- The Washington Times - Saturday, December 17, 2011

SPENCER, Iowa — Expanding on his call for a rollback of the federal courts, Newt Gingrich said Saturday the time has come for a national conversation on the courts’ overreach and the roles the president and Congress have historically had to reel them in.

The Republican presidential candidate said it’s only recently that the courts have become untouchable institutions, and said it’s time to return to the days when presidents such as Lincoln and Jackson felt able to ignore major court rulings, or when Jefferson pushed and won an abolishment of entire judgeships in 1802.

“The courts are too aggressive, and the courts have been trying to impose an elitist value system on a country that’s inherently not elitist,” Mr.
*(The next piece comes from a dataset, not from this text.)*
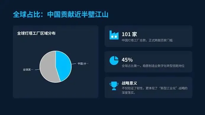 2025年中国制造业交出了一份亮眼的智造答卷,灯塔工厂数量正式突破101家,在全球224家灯塔工厂中占比高达45%,稳居世界第一。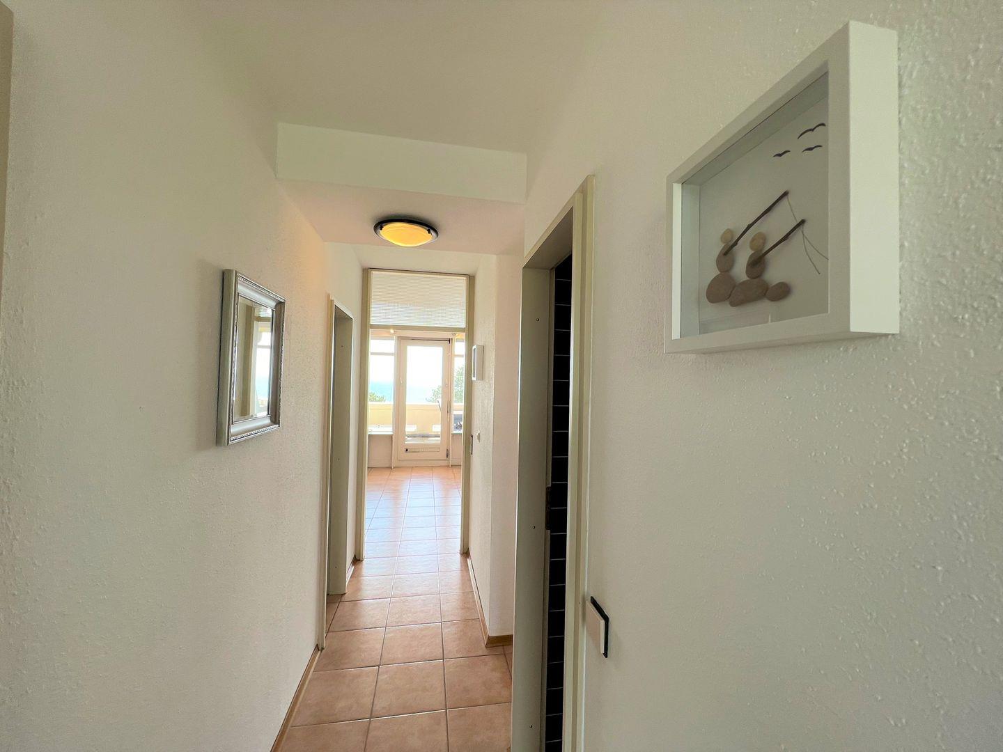 Herzlich Willkommen in der 3-Raum-Ferienwohnung Nr. 205, hier kann die ganze Familie aus der 2. Etage den Meerblick genießen. Der große Balkon in Süd-Ost-Lage hat über die 1- Reihe der Terrassenhäuser Blick auf die Ostsee und lädt zum Entspannen und Erholen ein. Die ca. 50 qm große Wohnung ist für 4 Personen geeignet. Im ersten Schlafraum stehen 2 Einzelbetten, die nicht zusammen zu schieben sind. Im zweiten Schlafraum steht ein Etagenbett. In den Schlafräumen ist kein Platz für ein Babybett. Vom kombinierten Wohn- und Essbereich haben Sie Zugang zum Balkon. Die kleine Küche, mit Spülmaschine und Backofen ausgestattet, ist mit einer Durchreiche zum Essbereich hin offen. Das innenliegende Duschbad wurde modernisiert. Zum Badestrand sind es nur wenige Minuten zu Fuß. PKW-Stellplatz inklusive.

Gingrich told reporters.

Among the tools he said are acceptable would be ignoring rulings, impeaching judges or abolishing courts — though he called that final option the last resort.
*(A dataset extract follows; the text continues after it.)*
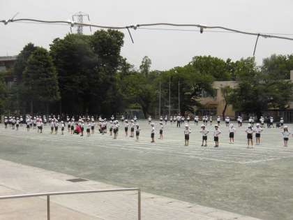 1年生の運動会練習でも、徒競走の並び順を確認したり、表現発表の入退場の仕方も練習しました。今日はとても暑い一日でしたが、校庭でも一生懸命に練習に励みました。熱中症予防のため、休憩をはさみ、水分補給をしっかりとして練習しました。入口に設置したミストシャワーも大活躍です。

The former House speaker has been developing the idea for years, but it burst onto the national stage Thursday when during a GOP presidential debate he defended the idea of abolishing federal courts the country deems too out-of-touch with American values.
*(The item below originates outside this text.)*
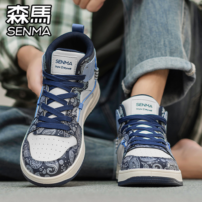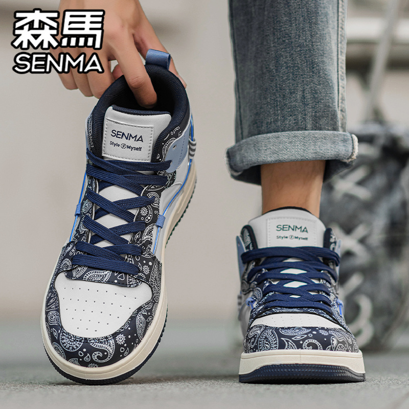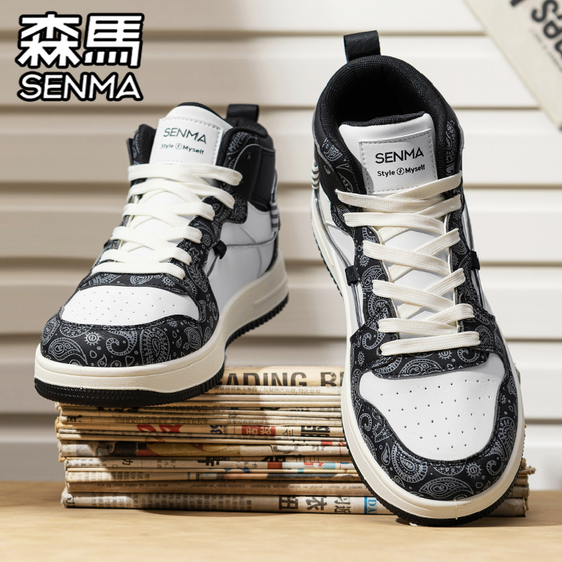 男鞋 子学生运动鞋 新款 皮面鞋 秋冬高帮休闲鞋 电池熊猫鸿星尔克板鞋

The idea has been criticized by lawyers who say it would upend the current understanding of the system, which seems to give the Supreme Court the final say in major constitutional matters.

But Mr. Gingrich said that is an “absurd” construction that would mean one justice in a 5-4 ruling would determine the fate of major constitutional questions.

With the sense of history that only a former professor could bring, Mr. Gingrich said the modern-day understanding of the constitutional order between courts, the executive and the legislature is not what the framers of the Constitution intended.

He pointed to the writings of Hamilton and Madison and the actions of Jefferson as evidence that the founders distrusted courts, and he said anger at the British courts it was the second-most cited reason for the American revolution, behind taxation without representation.

He proposed an informal two-out-of-three system he said could govern — so that if a court made an extreme ruling and the president wanted to ignore it, he would have to have the support of Congress as well. And he said there are tools Congress could use to force the president to enforce judicial decisions if they wanted, including the power of the purse.

“A president who unwisely rejected the court and had a Congress that thought it unwise — Congress could cut off all funding, just refuse to pass the money,” he said.